9-23 好機逸す可からず
これは酷い。食い散らかされた骸に、腹を空かせた獣が集まる。汚れに染まった屍を離れ、光を求めて彷徨う。
中つ国、人の世なのかココは。根の国では無いのか。
「大蛇様。あちらに御坐す一柱、大国主神では。」
チュウがチイに攀じ登り、申し上げる。
「フム、そのようだな。」
望みも願いも叶わない。そんな時にコロリと騙され、過ぎた事を悔いる。といったトコロか。虚ろな瞳で遠くを見つめ、終わりに備えているような。
大祓の儀を執り行う前に多くの妖怪に囲まれ、ピクリとも動けなかった。
鎮の西国、中の西国でも闇が溢れ、数多の神が御隠れ遊ばす。
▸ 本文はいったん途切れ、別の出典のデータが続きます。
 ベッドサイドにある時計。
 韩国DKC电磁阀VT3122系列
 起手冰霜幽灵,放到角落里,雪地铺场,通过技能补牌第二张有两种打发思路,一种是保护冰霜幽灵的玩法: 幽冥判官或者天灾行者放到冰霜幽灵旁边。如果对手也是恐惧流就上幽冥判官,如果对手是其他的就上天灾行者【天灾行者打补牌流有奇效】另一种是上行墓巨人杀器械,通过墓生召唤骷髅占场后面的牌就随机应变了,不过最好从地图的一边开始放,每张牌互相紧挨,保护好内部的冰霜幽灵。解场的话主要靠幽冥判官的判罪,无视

真中の七国も同じ。となると、引き籠ってはイラレナイ。
「兎の姿が見えません。」
ウンと背伸びをして、チュウ。因みに大社の兎は、大量離職しました。
「倒れるまで働き、縁の者に引き取られたトカ。」
頭にチュウを乗せたまま、チイがモフン。お察しの通り、ウサちゃんズは過労死寸前。
チュウとチイ、仲良くオシャベリ。燃える水のように黒くてドロドロした闇を祓うには、もう一妖か一隠。どうしたモノかと御悩み遊ばす。
「兄弟神に御頼みし、断られたか御隠れ遊ばしたか。」
敵前逃亡なさいました。一柱くらい、踏み止まられても良いのでは?
「大祓により、数多の神が御隠れ遊ばしたと。」
はい、その通り。
「天つ国と根の国からの支え無く、執り行われたトカ。」
底を抜いた竹筒に、水を注ぐようなモノ。
大蛇神、チュウ、チイ。思わず溜息。呆れたのではアリマセン、闇が濃すぎて吐いたのです。
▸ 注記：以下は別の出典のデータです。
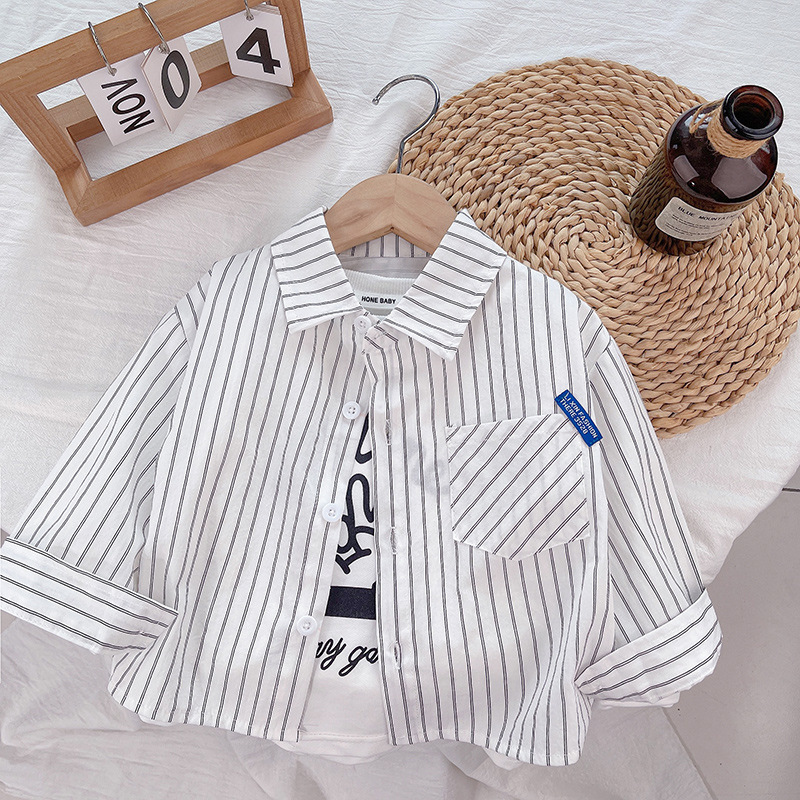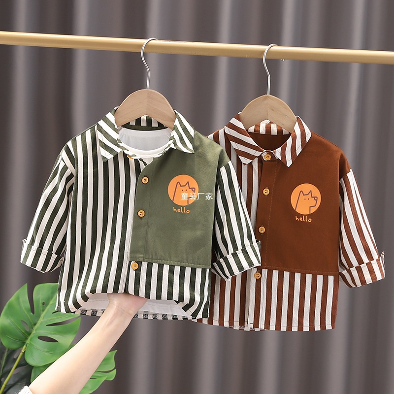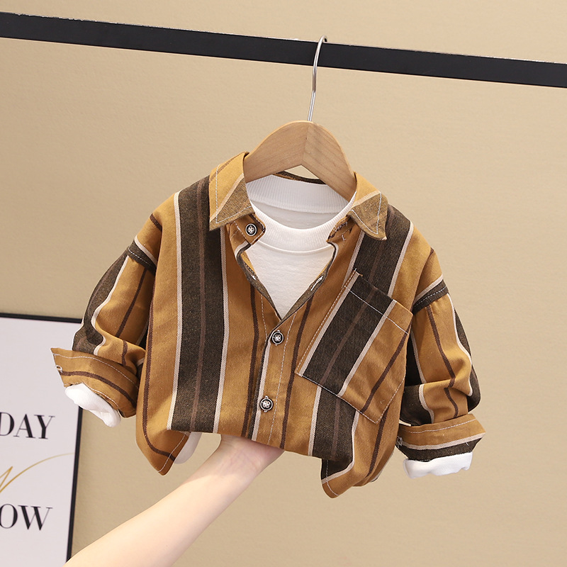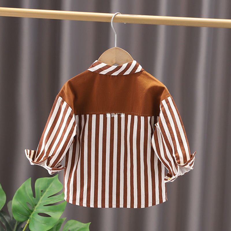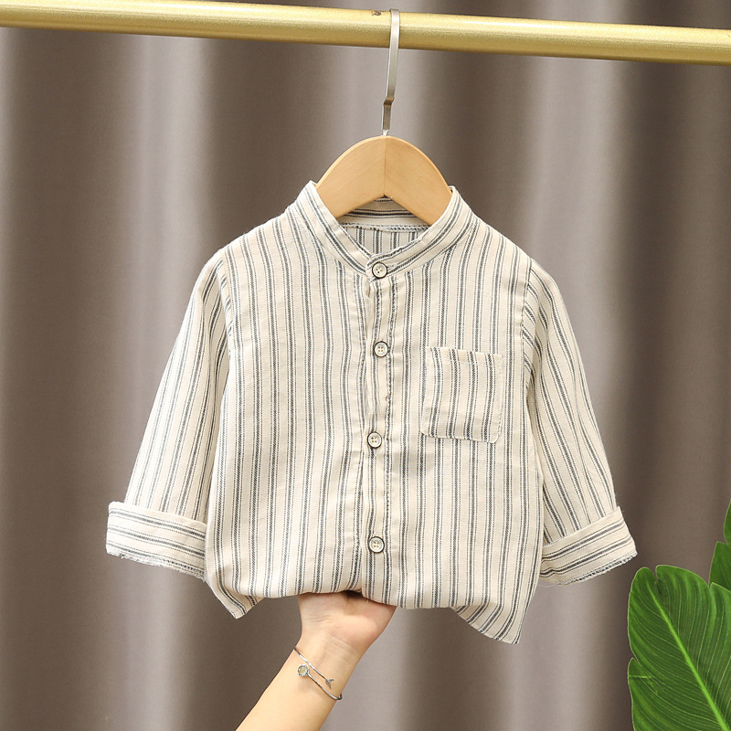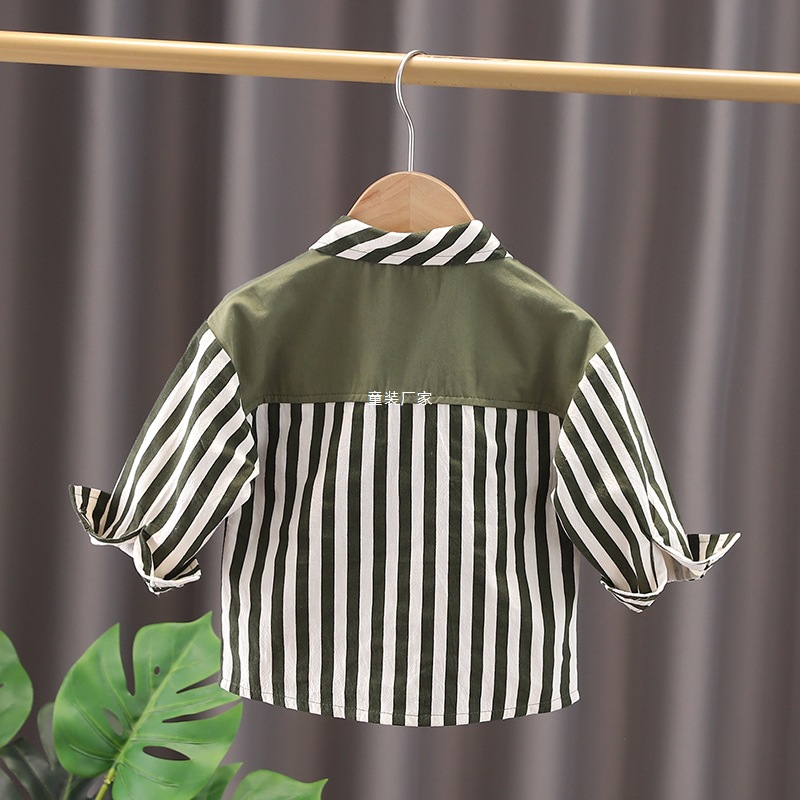새로운 소년 셔츠 2025 봄 새로운 어린이 코트 아기 긴 소매 최고 어린이 셔츠 봄과 가을 줄무늬

何だカンだで祓い清められ、落ち着きました。だから人の世は開かれたのです。また溢れれば閉ざし、隠の世が動く事に。
人の世の事は人の世で、隠の世の事は隠の世で。その定めが破られれば、中つ国は大きく荒れるでしょう。そんな事、誰も望みません。
「大蛇神、この度の事。」
「ウム。アレは禍を齎す闇、中の西国で清めねば。天つ国と根の国には話を通してある。チュウは東、チイは西。稻羽は北より追い詰め、祓っておくれ。」
「ハイ。」
シッカリ休んで健やかになった稻羽、ピョンと参上。木俣社を通して打合せ済み。
清められなくても力を奪えれば、中の西国に足止め出来ます。真中の七国に入る前に、消えて無くなれば良いのです。けれど難しいカモしれません。
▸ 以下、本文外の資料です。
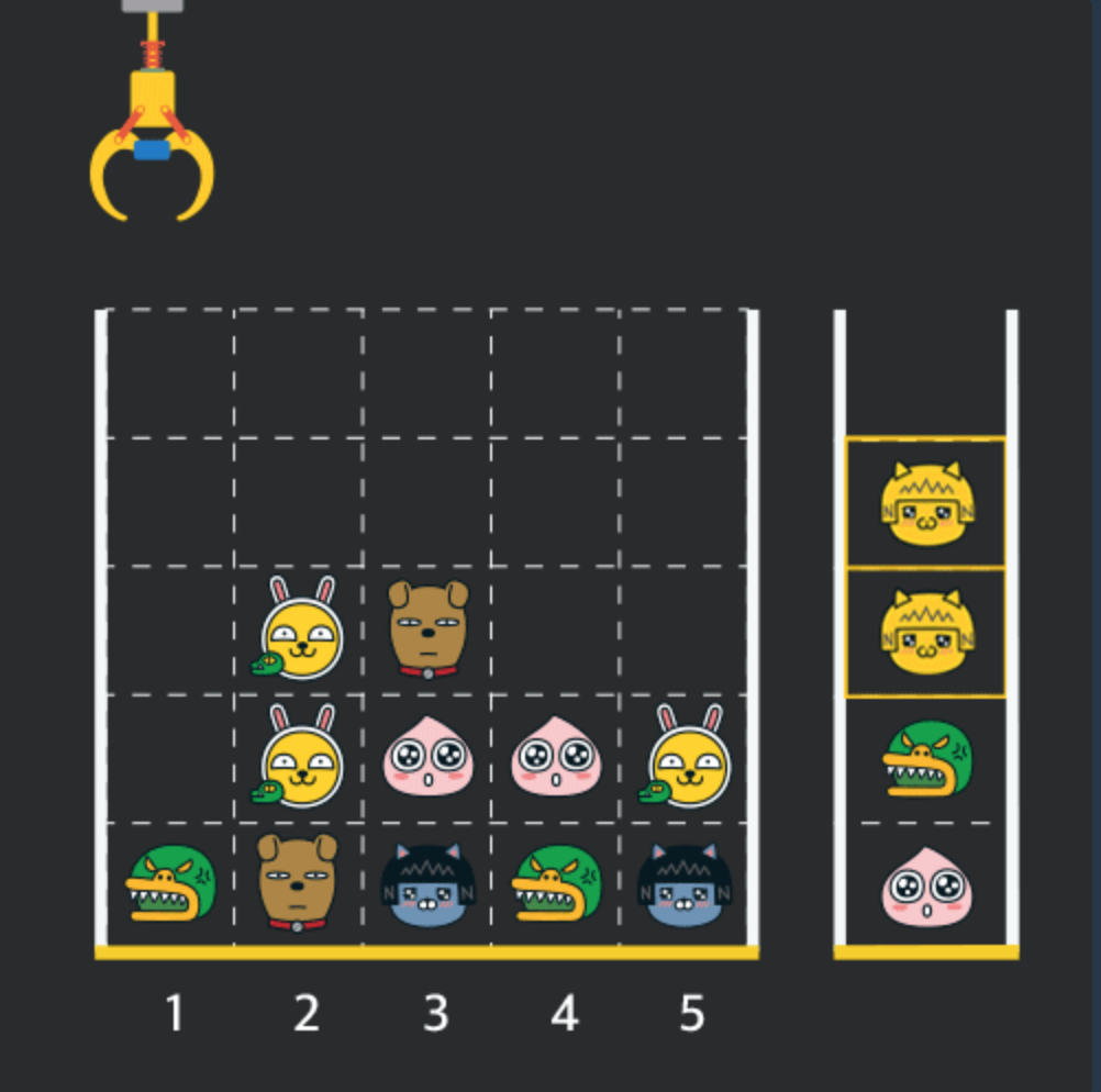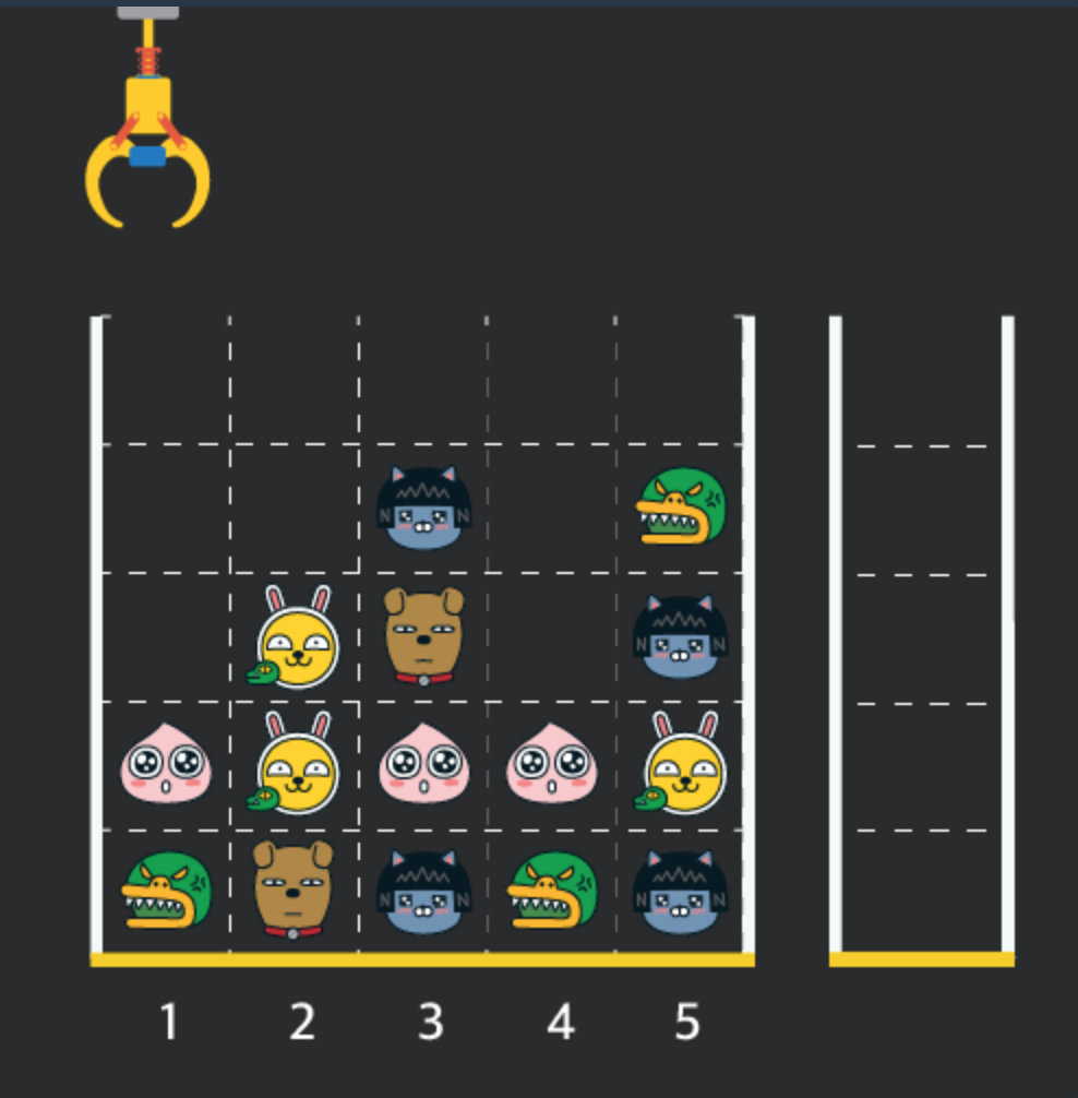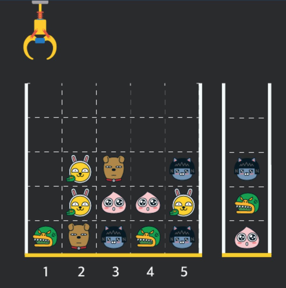게임 화면은 1 x 1 크기의 칸들로 이루어진 N x N 크기의 정사각 격자이며 위쪽에는 크레인이 있고 오른쪽에는 바구니가 있습니다. (위 그림은 5 x 5 크기의 예시입니다). 각 격자 칸에는 다양한 인형이 들어 있으며 인형이 없는 칸은 빈칸입니다. 모든 인형은 1 x 1 크기의 격자 한 칸을 차지하며 격자의 가장 아래 칸부터 차곡차곡 쌓여 있습니다. 게임 사용자는 크레인을 좌우로 움직여서 멈춘 위치에서 가장 위에 있는 인형을 집어 올릴 수 있습니다. 집어 올린 인형은 바구니에 쌓이게 되는 데, 이때 바구니의 가장 아래 칸부터 인형이 순서대로 쌓이게 됩니다. 다음 그림은 [1번, 5번, 3번] 위치에서 순서대로 인형을 집어 올려 바구니에 담은 모습입니다.

闇をタップリ取り込んだ闇喰らいの品。鏡と珠が一つになって、剣を取り込もうとしています。三つの品が一つになれば、中つ国は闇に堕ち、大きく入り乱れるでしょう。
そうなれば、多くの命が奪われる事に。
「皆、気を引き締めて事に当たれ。使い隠が支えるが、苦しくなる前に頼るのだぞ。」
「はい。御心遣い、ありがとうございます。」
チュウ、チイ、稻羽が平伏した。
牙滝社より、牙滝神の使わしめチュウ。狐泉社より、黒狐神の使わしめチイ。杵築大社より、大国主神の使わしめ稻羽。
支えるのは使い蛇たち。
使わしめが囲み、祓う。清め為さるのは大蛇神。力を揮えるのは、たった一度。シクジれば終わりだ。